> [TASK REQUIREMENTS]: A verbatim copy of all the data is required; the pictures should not appear in it.

> [RAW DATA]:

━━━

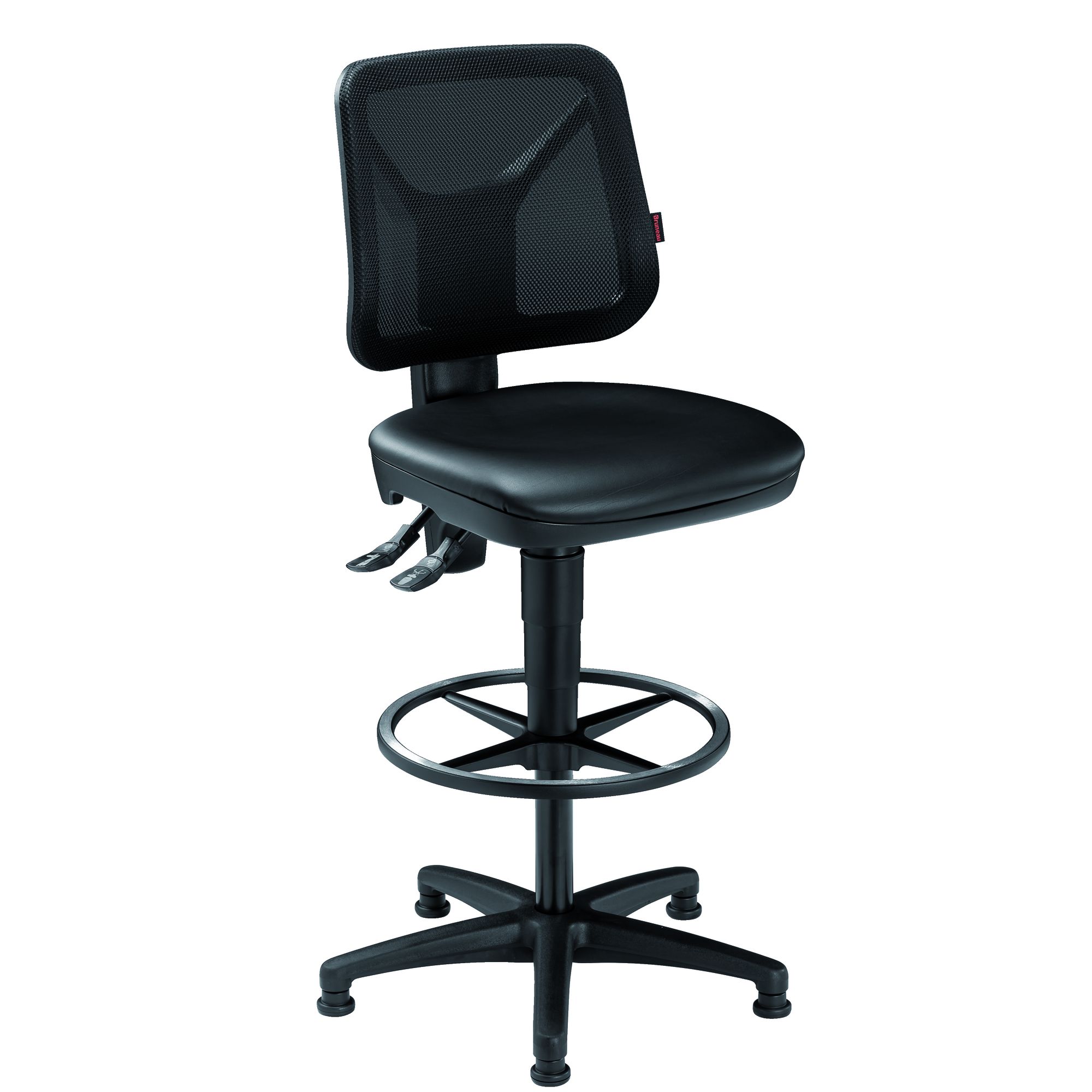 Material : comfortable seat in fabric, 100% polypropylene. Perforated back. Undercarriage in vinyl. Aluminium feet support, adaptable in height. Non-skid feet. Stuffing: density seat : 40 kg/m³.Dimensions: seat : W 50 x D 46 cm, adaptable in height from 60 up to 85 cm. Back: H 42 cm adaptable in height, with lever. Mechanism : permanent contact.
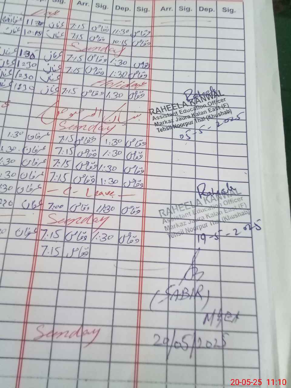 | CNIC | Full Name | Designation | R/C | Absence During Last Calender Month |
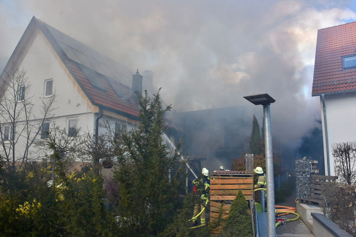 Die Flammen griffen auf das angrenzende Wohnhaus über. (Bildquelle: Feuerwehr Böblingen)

━━━

> [EXERCISE SOLUTION]:
 Material : comfortable seat in fabric, 100% polypropylene. Perforated back. Undercarriage in vinyl. Aluminium feet support, adaptable in height. Non-skid feet. Stuffing: density seat : 40 kg/m³.Dimensions: seat : W 50 x D 46 cm, adaptable in height from 60 up to 85 cm. Back: H 42 cm adaptable in height, with lever. Mechanism : permanent contact.
 | CNIC | Full Name | Designation | R/C | Absence During Last Calender Month |
 Die Flammen griffen auf das angrenzende Wohnhaus über. (Bildquelle: Feuerwehr Böblingen)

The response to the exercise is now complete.